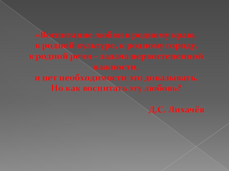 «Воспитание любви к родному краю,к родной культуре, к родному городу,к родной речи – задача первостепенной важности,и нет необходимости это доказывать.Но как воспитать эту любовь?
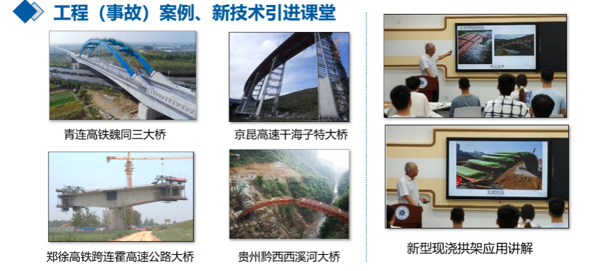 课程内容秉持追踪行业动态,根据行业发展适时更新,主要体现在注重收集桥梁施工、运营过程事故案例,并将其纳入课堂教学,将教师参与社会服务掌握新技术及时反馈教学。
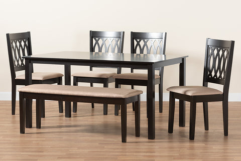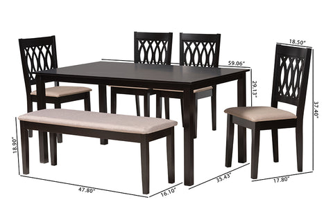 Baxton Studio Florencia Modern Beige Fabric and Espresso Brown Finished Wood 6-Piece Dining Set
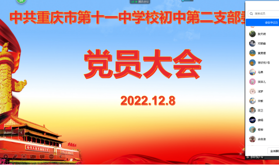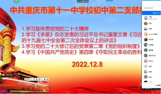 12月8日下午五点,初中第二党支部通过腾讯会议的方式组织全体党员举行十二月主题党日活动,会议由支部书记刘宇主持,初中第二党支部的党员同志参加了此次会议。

# TASK DETAILS
If the material above contains pictures, exclude them from an otherwise exact transcription.

# WRITTEN SOLUTION
 «Воспитание любви к родному краю,к родной культуре, к родному городу,к родной речи – задача первостепенной важности,и нет необходимости это доказывать.Но как воспитать эту любовь?
 课程内容秉持追踪行业动态,根据行业发展适时更新,主要体现在注重收集桥梁施工、运营过程事故案例,并将其纳入课堂教学,将教师参与社会服务掌握新技术及时反馈教学。
 Baxton Studio Florencia Modern Beige Fabric and Espresso Brown Finished Wood 6-Piece Dining Set
 12月8日下午五点,初中第二党支部通过腾讯会议的方式组织全体党员举行十二月主题党日活动,会议由支部书记刘宇主持,初中第二党支部的党员同志参加了此次会议。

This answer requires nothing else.